2022-05-13T03:42:54.019Z


In the fight against the food crisis, three department heads are also wrestling with each other. The family minister speaks for the first time about her plans. And the interior minister has to talk about extremism again. This is the situation on Friday.


Your dance area, my dance area

Today might look suspiciously familiar to yesterday's readers: the

G7 foreign ministers

are still meeting on the

Baltic Sea beach

.

The

federal and state environment ministers

are still sitting together in

Wilhelmshaven

.

After

Finland ,

Swedish politics

will now also take a position

on a possible

NATO membership

.

And

the

domestic political consequences of the war continue to be discussed in the

Bundestag

, for example the traffic light coalition's plans to reduce the energy tax on fuel.
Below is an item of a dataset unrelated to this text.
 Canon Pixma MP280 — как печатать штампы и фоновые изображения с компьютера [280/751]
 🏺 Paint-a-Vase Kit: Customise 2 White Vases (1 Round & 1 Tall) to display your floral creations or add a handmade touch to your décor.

But it really is a new day, I promise, as you can see from the fact that the

G7 agriculture ministers

are also meeting today , led by

Green Cem Özdemir

, and coincidentally in his hometown of Stuttgart!

Özdemir's group will deal with the global

food

crisis as a result of the Ukraine war, as will

Annalena Baerbock

's .

The Foreign Minister recently announced in an interview with SPIEGEL: "One of the priorities of our G7 presidency is to forge an alliance against this food crisis."
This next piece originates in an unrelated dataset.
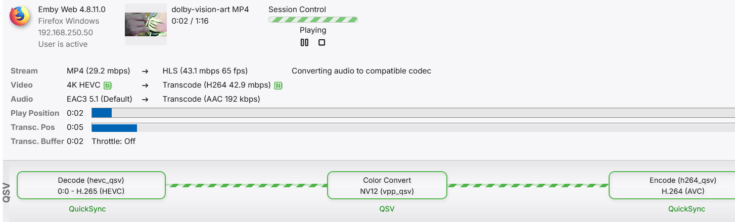 treeger8686 2 Posted August 17, 2025 Author Posted August 17, 2025 now no proble with two stream remote 15bits for two with tv lg and samsung tv at the same momen see log joint. that touch firetv firestick and firetv v 26a ffmpeg-transcode-ccc17e56-6859-4fa2-9741-c0aff8a7a1e6_1.txt ffmpeg-transcode-f0e03825-9c15-4ed0-a290-d187615c9d94_1.txt ffmpeg-transcode-e7b34390-43d0-4b38-b0cf-4a32e9badd4a_1.txt embyserver.txt
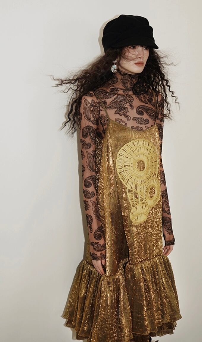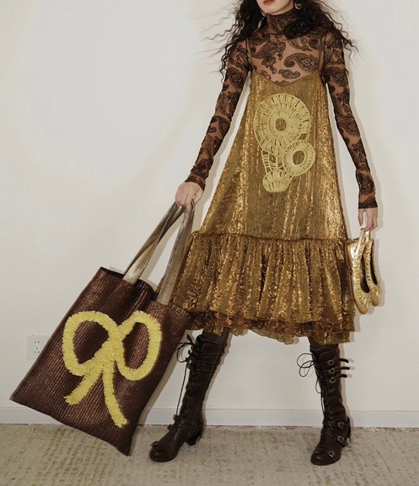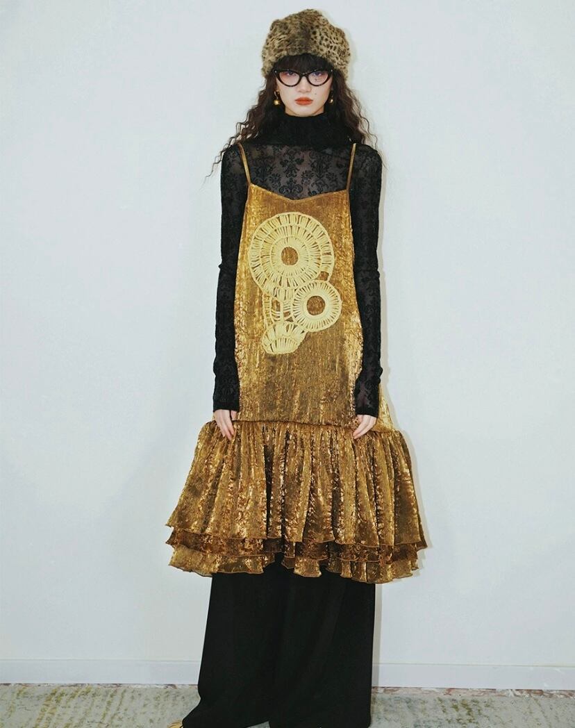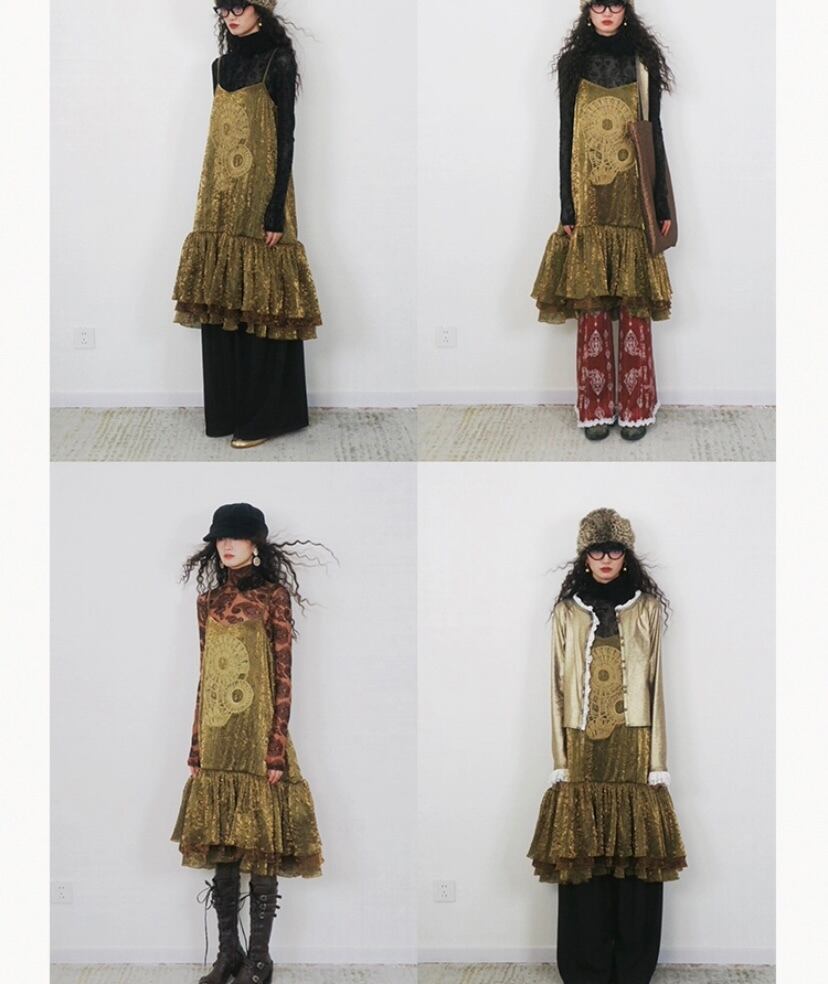 黄色 ゴールド リボン 刺繍 キャミソール ベルベット ワンピース ドレス ゆったり ゴージャス フリル スカート パーティー 原宿 クラシック レトロ

Both are somehow responsible for this topic, although a minister for

food

might seem a bit more responsible, but a foreign minister is the one with the radiance.

You would be happy to read the SMS that the two Green Ministers may have written to each other.

Perhaps

Development Minister Svenja Schulze

(SPD) also opened a three-way chat?

After all, their entire ministry is there to fight global hunger.

By all accounts, Baerbock's SPIEGEL announcement was not well received in Schulze's house.

Chancellor Olaf Scholz

will have decided, in his own level-headed way, that he would rather not become a party to the war on this issue of competence.

Instead, he will report today to the

Defense Committee

on the status of German

arms deliveries to Ukraine , and later he will give a speech at the topping-out ceremony for a new

Bayer

drug production plant

.

These are shaky days for the chemical company led by Werner Baumann: A

gas embargo

would have catastrophic consequences for the chemical industry, as several top managers warned in March in a letter to Scholz and Economics Minister Robert Habeck.

Yesterday's decree by Russian autocrat

Vladimir Putin

, which imposed a boycott on around 30 European gas companies, is likely to dampen Bayer's joy at the topping-out ceremony.

One would hope that Chancellor Scholz's speech would be extra prudent.

  • Foreign Minister Baerbock and the war: "There are moments when I quarrel too" 

You can find more news and background information on the war in Ukraine here:

  • That happened at night:

    According to the Ukrainian army, it hit a Russian warship near Snake Island.

    President Zelenskyj laments 101 destroyed hospitals.

    And: Kiev's announcement to Germany.

    The overview.

  • What Putin actually wants to achieve with his gas supply freezes:

    The Kremlin is boycotting German gas companies.

    This fuels fears of a total failure.

    But Russia is probably pursuing a different plan – at least for the time being. 

  • Why is the Russian advance in Donbass faltering?:

    Although Russia is making small progress in its offensive in the east, it is also losing areas around Kharkiv and Cherson, where the Ukrainians are currently reporting successes.

    This is also due to their drone tactics. 

  • The Kremlin calls Finland's imminent NATO membership "definitely" a threat:

    Kremlin spokesman Peskov has criticized the Finnish government's statement in favor of NATO membership.

    The step is a threat to Russia and will not make Europe more stable.

If you can have money, you can also have a family?

Nothing helps: At this point it is necessary to point out that there is another

ministerial

conference today, namely that of the

family and youth ministers from the federal and state governments

.

The new

federal family minister, Lisa Paus (Greens)

, is also there, and at least she doesn't have to worry about other cabinet members interfering with her department.

Except perhaps for Defense Minister Christine Lambrecht, who with her vacation trip in the government helicopter has sparked her very own debate on family policy.

Paus, successor to the retired Greens Anne Spiegel, has now given our SPIEGEL her first major interview.

In it, she makes it clear how she wants the success of her tenure to be measured: by a

basic child security system

“that also deserves the name”.

In this project, family policy benefits such as child benefit or Hartz IV funds are to be bundled into a guaranteed amount, combined with an income-related additional amount.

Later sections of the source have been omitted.